My wife and I watched the first six episodes together. Then I tapped out and she finished them without me.
I was ready to give up after three episodes, but then the fourth episode was excellent and I hung on for a bit longer. More on that in a moment.
For me, the series is fundamentally misconceived. It seems to be built around a core question, asking, “Who is this mysterious person who was able to deceive the elite of New York society?” The answer is, a con artist. And the problem is, con artists do not make for interesting character studies, because there is no character there — a con artist is simply an empty shell of greed and dishonesty and fabricated humanity with nothing at the core. They lie without conscience until they’re either caught or they move on. They’re just not interesting as people, and the show’s apparent belief that there’s anything at all fascinating about Anna herself beyond her uncanny facility for chameleonic deception — anything about her as a person — is, I believe, a fatal error.
The real interest in a story about a scam like this is in how the targets are deceived. I don’t mean this from the perspective of the scam, letting us watch as the con artist actively deceiving his or her marks — I mean from the perspective of the scammed, why they were vulnerable, and, more importantly, the ways in which they actively buy into the deception and, in many ways, actively participate in fooling themselves.

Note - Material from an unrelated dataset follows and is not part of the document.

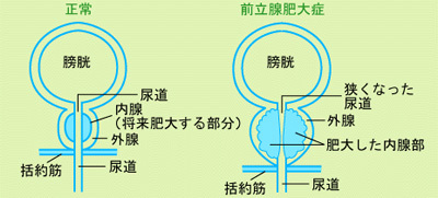 前立腺肥大症は男性の国民病とまでいわれ、最近多くなっている疾患です。「トイレが近い」、「残尿感」、「間に合わず尿をもらす」、「尿が途切れる」、「尿の勢いが弱い」などの症状を中高年の方でしたら、一度は経験しているでしょう。前立腺肥大症は直腸診、超音波検査などで診断されます。そして、その治療方法は自覚症状の程度や前立腺の大きさ、残尿量によりいろいろとあります。各治療法には長所、短所がありますので、医師と十分相談して選択することが大切です。

But instead, the show wastes a lot of time focusing on Anna herself, on her mental and emotional state, as she struggles to keep her story together and invent new angles of manufactured narrative, which is just inherently un-dramatic. And the show seems to realize this, too, at least subconsciously, which is why I think it spends so much time in the penumbra of the central story, with the internal politicking at the magazine and Anna’s lawyer struggling with the case and all the other marginal stuff. It’s extra conflict, dramatic wheel-spinning, to make up for the giant hole in the middle of the show.
Which is why the fourth episode, for me, was so strong: Anna targets this powerful, well-connected corporate attorney, someone who’s got lots of experience in New York finance and is supposed to be savvy about how things work. But we see the seams in his psychology, and when she lands a couple of well-placed tactical arguments, we watch as he becomes an active participant in self-deception. That is interesting character-based storytelling, and I thought the show was finally finding its feet.

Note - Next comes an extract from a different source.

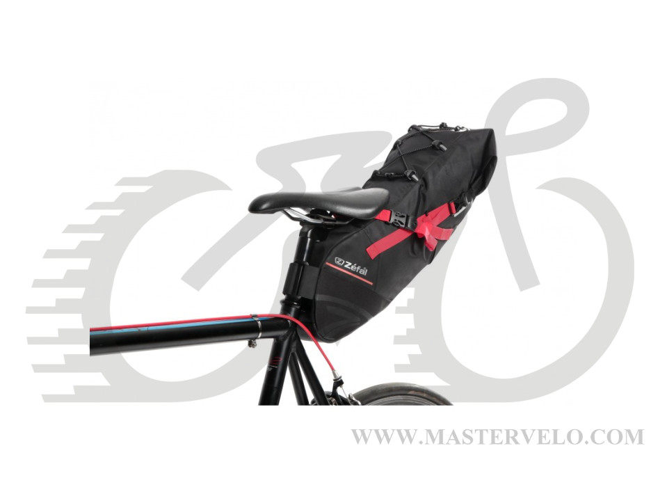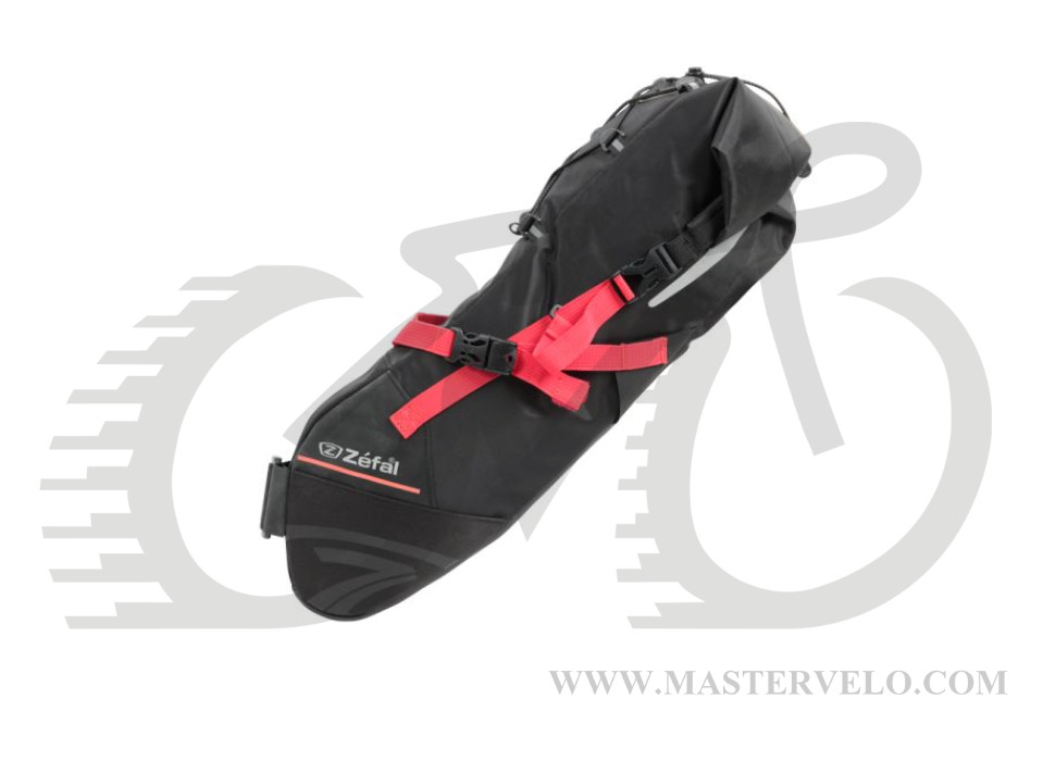 Сумка крепится прочными ремнями к рейлам седла и к подседельной трубе для оптимального распределения веса на велосипеде.

But then it slipped back into its previous nonsense, and lost the handle on why a story like this is worth telling.
The next couple of episodes, for me, were revelatory on why the show doesn’t work: Because the central character is a void, the storytellers have to fill in the empty space with their own ideas. Here, the show flails, because in the six episodes I watched, it never commits to anything. Is Anna supposed to be a GirlBoss who takes these insulated high-society richies for a ride and almost gets away with it? Or maybe she’s a super-intelligent and super-ambitious but super-naive young woman who sees a golden opportunity to pierce the class veil and elevate herself but ends up falling short because she has the wrong background and is rejected. Or is she just a criminal, full stop, who victimizes people right and left without any feelings of guilt, and fails in the end because she got too greedy and didn’t know when to bail out? The show flirts with all of these ideas at various times, trying to find a way of making the con artist into a relatable human. A lot of the stuff about the sexism the reporter faces from her management is clearly intended to be an illuminating thematic reflection of some of these ideas, but it doesn’t align at all and winds up leaving Anna even more of a cipher. In the end, the storytellers are defeated by the slippery reality of their subject.
I don’t know if the last few episodes pull all these frustrating threads together into a coherent and satisfying thesis, bringing their blurry, fragmentary story into clear focus. My wife says they didn’t, that it stayed pretty much the same, but she has different taste and different sensibilities, so hey, it’s still possible. I’ll never find out, though, because I’m just no longer interested. Which is too bad, because if they’d abandoned the ambition at making a show about Everything and simply limited themselves to a shorter story about Something, it could have been worthwhile.